The weekend is here and it seems like I’m gonna be bucking down a banger week with 5 days of getting the shrad on. Stoked on that.

I’m pretty much a professional slack at this point.

But you know who doesn’t slack? Jay Leno. That dude is all business.  I’m mean he has hardly taken a break since since fucking over Conan and Southland.  In fact this website is reporting that DickChin himself is already taping new episodes of his back-on-11:35pm show.

And to keep it all relevant, his first show back will feature the cast of Jersey Shore. DickChin, please at least act like you’re going to make an effort at entertaining ‘Merica. This is just another perfect example of how DickChin keeps up with the trends. The Jersey Shore 15minutes of fame are almost up, and I’m pretty sure by March 1st most people are going to be more interested in anything Lindsey Vonn is doing, or WTFuck happened to the winter oh-limp-dicks and why were people wearing shorts watching the shrad events.

Actually none of that jock stuff is going to matter.

But the Jersey Shore crew was tired about 7 minutes into their careers. The pinnacle was the mannish-broad getting punched in the face. Now you’ve got to understand that I’m not really one for violence against women, but I can kind of understand it in this case. I mean have you seen her? She’s got a better mustache than me. I can understand mistaking her for Steven Segal or Danny Trejo.

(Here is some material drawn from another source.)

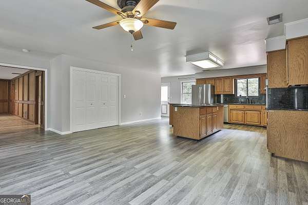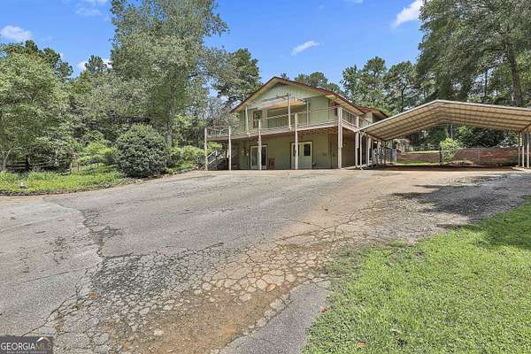 Wonderful opportunity for your own private farm or homestead! Chattahoochee Hills area of South Fulton. This property boasts several outbuildings/sheds, large barn, goat barn, dog or chicken pen/run, fenced and cross fenced, covered carport parking and 3 gated entrances. Beautiful mature hardwoods for ultimate privacy! Home has oversized open kitchen/dining area, large great room with fireplace, three full bedrooms and three full baths on main floor. Master bedroom has natural skylight lighting, plantation shutters, hardwood floors, walk in closet with built in shelving. Full baths with tile showers, tile surround tub, nice finishes. Finished basement is perfect for in-law area or teen suite with office space, open den, kitchenette, bedroom and full bath. Large laundry room in basement with cabinets, folding table, laundry sink and two washer/dryers! Don't miss the abundant features this home and property offers! Multiple areas of interior and exterior storage, beautiful mature hardwoods, flowering trees and shrubs, hardwood floors, LVP and tile throughout. All in Chattahoochee Hills, close to South Fulton Pkwy, Airport, Atlanta, South Fulton, etc. Priced below county fair market value!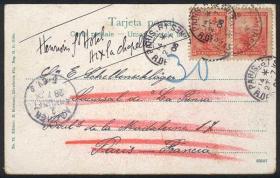 920 ARGENTINA - HISTORIA POSTAL Sobre / N°Cat.: MB. Tarjeta postal con vista de "Buenos Aires - Belgrano - La Barranca", franq. con pareja GJ.222 y enviada el 2/JUL/1906 a Paris, Francia, y redirigida a Aachen (Alemania). Tiene un matasello francés sobre los sellos argentinos, MB calidad! Precio inicial: US$ 15 Precio actual: US$ 15 Oferte US$ 15 o más

DickChin is so out of touch with anyone with the people who would watch his show. So to kick off his whiny return to the rotting corpse of the Tonight Showof course he would have some tired act that no one gives a fuck about any longer. Don’t even act surprised.

For his second show, he could have the cast of My Name is Earl drop by.

Keeping it Core

I’m pretty well overbro-ed out at this point. But I got to say admit there are some real haters out there. Not that I mind. Shit I am one. But c’mon, you’re hating on on Nike because they have no roots in snowboarding, but fuck Burton because they are too corpo. Capita sucks because they are to art-faggy, and Salomon is tired because it’s all been done before.  Hate on.

I can’t help but to wonder if this same level of bickering goes on in the ski world. I really doubt that the core skiers ever have to worry about this.

Skier 1: Yo yo yo yo yo, Bogner is some whack shit. They don’t even know skiing, yo. I’m down with Descente. Real heads, yo.

Skier2: Descente? Shit son, that some Franco-phile in you. You gotta get down with Armada and Spyder, Yo. Now come on, let’s go make our sport the winter equivalent of rollerblading.

Skier 1: Sick grab, yo.

I’m pretty sure this is how every conversation in skiing goes down. Unless the skiers are over 28-year old, then it sounds something like this.

Skier 1: Daffy

Skier 2: Back scratcher

Skier 1: Spread eagle, I just don’t know about these new companies. I heard even a snowboard company was making skis now. Iron Cross.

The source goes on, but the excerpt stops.